3D Scatter Plot with Plotly

#source: https://plotly.com/r/3d-scatter-plots/
#https://plotly.com/r/reference/


fig <- plot_ly(                 #fig are using for 3d disply plot  
  data = top_states,
  x = ~utility.state,         #x-axis shows state abbreviations
  y = ~total_consumption,       #y-axis shows total electricity consumption 
  z = ~rank,                  #z-axis shows the rank of each state  
  marker = list(                #marker (dot) settings
    color = ~total_consumption,
    showscale = TRUE ))       #show color scale legend

#Add points (markers) to the 3D plot
fig <- fig %>% add_markers()

fig <- fig %>% layout(
  title = "Top 15 States by Electricity Consumption",
  caption = "Source: U.S. Energy Information Administration (EIA)",
  scene = list(                                             #3D scene settings
    xaxis = list(title = "State"),                    #label for x-axis, y-axis, z-axis
    yaxis = list(title = "Total Electricity Consumption (MWh)"),
    zaxis = list(title = "Rank")
  ),
  annotations = list(                     #add extra text annotation 
    x = 1.13,                            #X position and y position of annotation
    y = 1.05,
    text = "Total Electricity Consumption (MWh)",
    xref = "paper",                    #use overall plot coordinates
    yref = "paper",
    showarrow = FALSE
  )
)

fig
Warning: 'layout' objects don't have these attributes: 'caption'
Valid attributes include:
'_deprecated', 'activeshape', 'annotations', 'autosize', 'autotypenumbers', 'calendar', 'clickmode', 'coloraxis', 'colorscale', 'colorway', 'computed', 'datarevision', 'dragmode', 'editrevision', 'editType', 'font', 'geo', 'grid', 'height', 'hidesources', 'hoverdistance', 'hoverlabel', 'hovermode', 'images', 'legend', 'mapbox', 'margin', 'meta', 'metasrc', 'modebar', 'newshape', 'paper_bgcolor', 'plot_bgcolor', 'polar', 'scene', 'selectdirection', 'selectionrevision', 'separators', 'shapes', 'showlegend', 'sliders', 'smith', 'spikedistance', 'template', 'ternary', 'title', 'transition', 'uirevision', 'uniformtext', 'updatemenus', 'width', 'xaxis', 'yaxis', 'boxmode', 'barmode', 'bargap', 'mapType'

I tried out a new sort of approach that we didn’t cover in class, the interactive 3D scatter plot using Plotly.
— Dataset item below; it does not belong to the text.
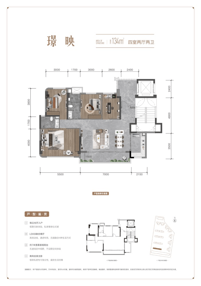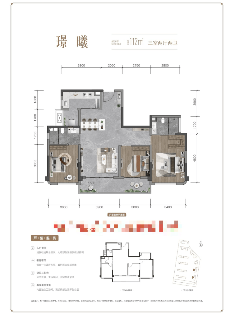 【云栖璞璟】项目亮点颇多。该楼盘占地面积约49亩,由成都蓉华置业发展有限责任公司倾力打造。其建筑风格采用现代公建化设计,精心规划打造了9栋涵盖洋房和小高层的产品。项目推出了首批次房源,预售价处于21578-24470元/m²区间。 项目具体坐落于成华区·荆竹东路·海滨公园旁。在各项指标方面,楼盘单价约2.1万 - 2.3万,总价315万起。容积率为2.0,面积区间在134 - 141㎡ ,楼层涵盖10F、15 - 17F ,总户数达494户。梯户比分别为1T2、2T3 ,绿化率为35% ,车位比为1:1.5 ,物业公司为世茂服务控股有限公司,交房时间定在2027年6月30日。

On my visualization, I showed the leading states by level of electricity consumption. The x-axis is the states, the y-axis is the aggregate electricity consumption in megawatt-hours (MWh), and the z-axis is the state rank. I used color to show different levels of electricity consumption so that higher-consuming states were more pronounced. As for the plot, this is interactive; you can rotate this plot and explore data from different perspectives. I modified this code from the Plotly 3D scatter plot documentation, and this visualization demonstrates that I can use techniques outside of the education I received in class.

Conclusion

In this project, I looked at electricity use across the United States. My linear regression showed that retail electricity sales can predict total usage, though other factors also matter. The charts, both static and interactive, showed that Texas and California use the most electricity. Making a 3D scatter plot helped me try to learn a new visualization technique. Overall, this project taught me how to clean data, run models, and create clear visualizations using a real world dataset.